### WORK INSTRUCTION
Lines below starting with the line with "Pistola Beretta modello" and going on through the line with "Maak het je" must be output exactly; the rest of the records must be left out.

### MATERIAL SUPPLIED
◇ ◇ ◇ ◇ ◇ ◇ ◇

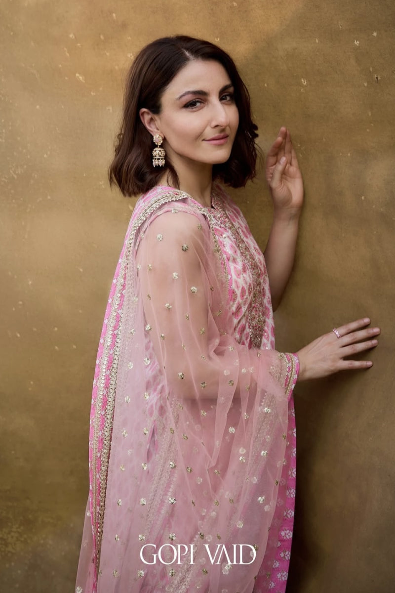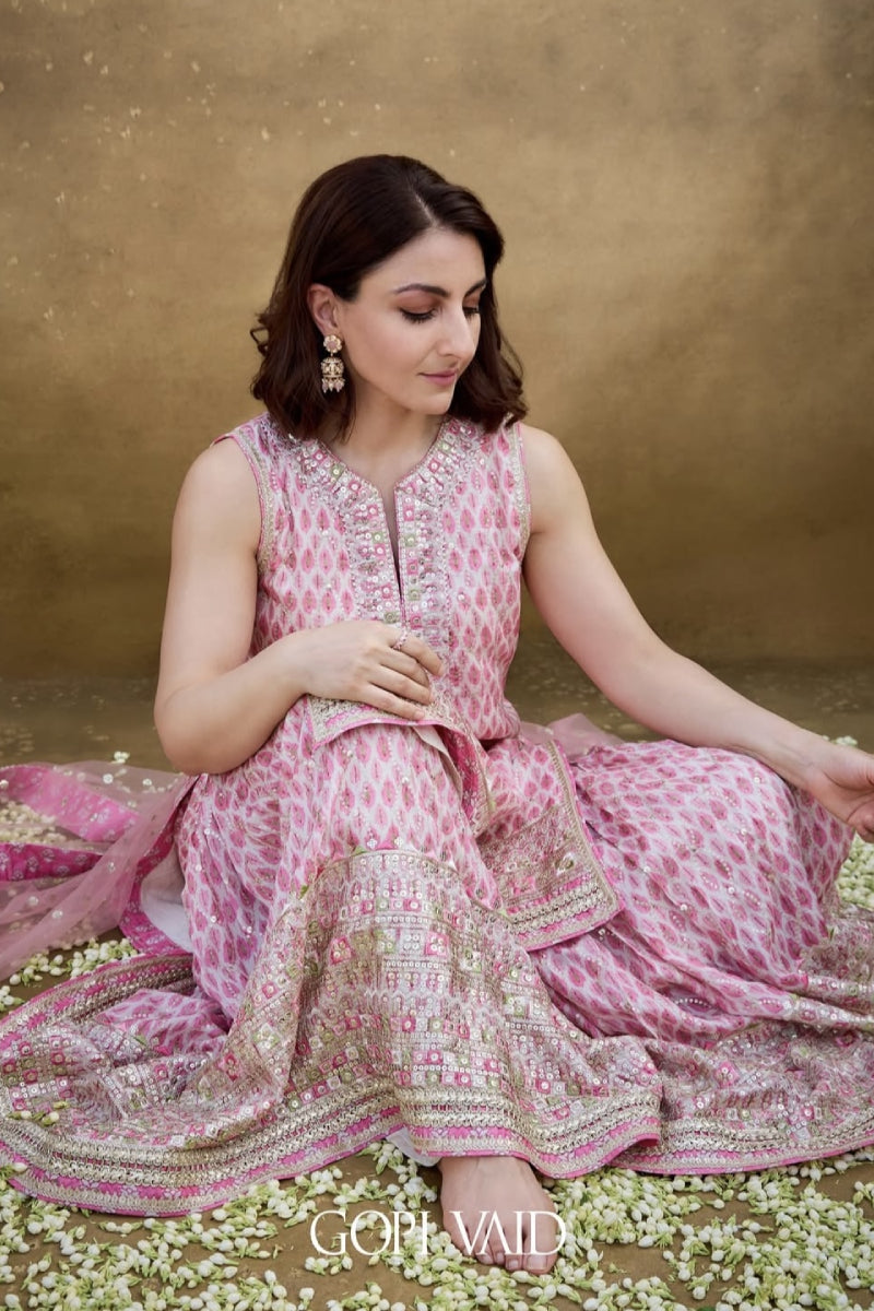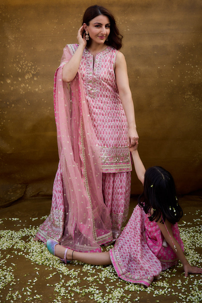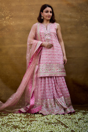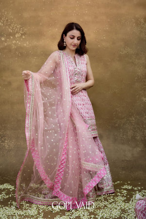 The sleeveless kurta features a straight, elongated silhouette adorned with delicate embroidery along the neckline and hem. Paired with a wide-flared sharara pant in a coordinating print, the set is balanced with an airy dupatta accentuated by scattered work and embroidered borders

◇ ◇ ◇ ◇ ◇ ◇ ◇

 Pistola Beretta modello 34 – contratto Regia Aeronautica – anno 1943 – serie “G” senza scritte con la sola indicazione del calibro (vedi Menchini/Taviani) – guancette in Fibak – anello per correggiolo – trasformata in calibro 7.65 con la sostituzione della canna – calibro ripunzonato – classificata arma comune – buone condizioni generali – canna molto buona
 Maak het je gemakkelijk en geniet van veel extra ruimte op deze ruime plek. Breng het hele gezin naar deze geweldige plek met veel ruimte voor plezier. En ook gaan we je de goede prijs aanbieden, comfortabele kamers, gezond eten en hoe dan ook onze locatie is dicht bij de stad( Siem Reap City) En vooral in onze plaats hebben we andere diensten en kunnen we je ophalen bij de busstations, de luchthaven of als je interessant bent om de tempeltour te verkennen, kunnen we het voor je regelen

◇ ◇ ◇ ◇ ◇ ◇ ◇

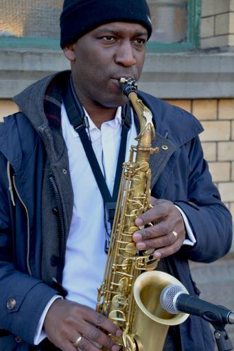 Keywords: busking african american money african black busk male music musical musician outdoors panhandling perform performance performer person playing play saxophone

◇ ◇ ◇ ◇ ◇ ◇ ◇

### ANSWER TO THIS EXERCISE
 Pistola Beretta modello 34 – contratto Regia Aeronautica – anno 1943 – serie “G” senza scritte con la sola indicazione del calibro (vedi Menchini/Taviani) – guancette in Fibak – anello per correggiolo – trasformata in calibro 7.65 con la sostituzione della canna – calibro ripunzonato – classificata arma comune – buone condizioni generali – canna molto buona
 Maak het je gemakkelijk en geniet van veel extra ruimte op deze ruime plek. Breng het hele gezin naar deze geweldige plek met veel ruimte voor plezier. En ook gaan we je de goede prijs aanbieden, comfortabele kamers, gezond eten en hoe dan ook onze locatie is dicht bij de stad( Siem Reap City) En vooral in onze plaats hebben we andere diensten en kunnen we je ophalen bij de busstations, de luchthaven of als je interessant bent om de tempeltour te verkennen, kunnen we het voor je regelen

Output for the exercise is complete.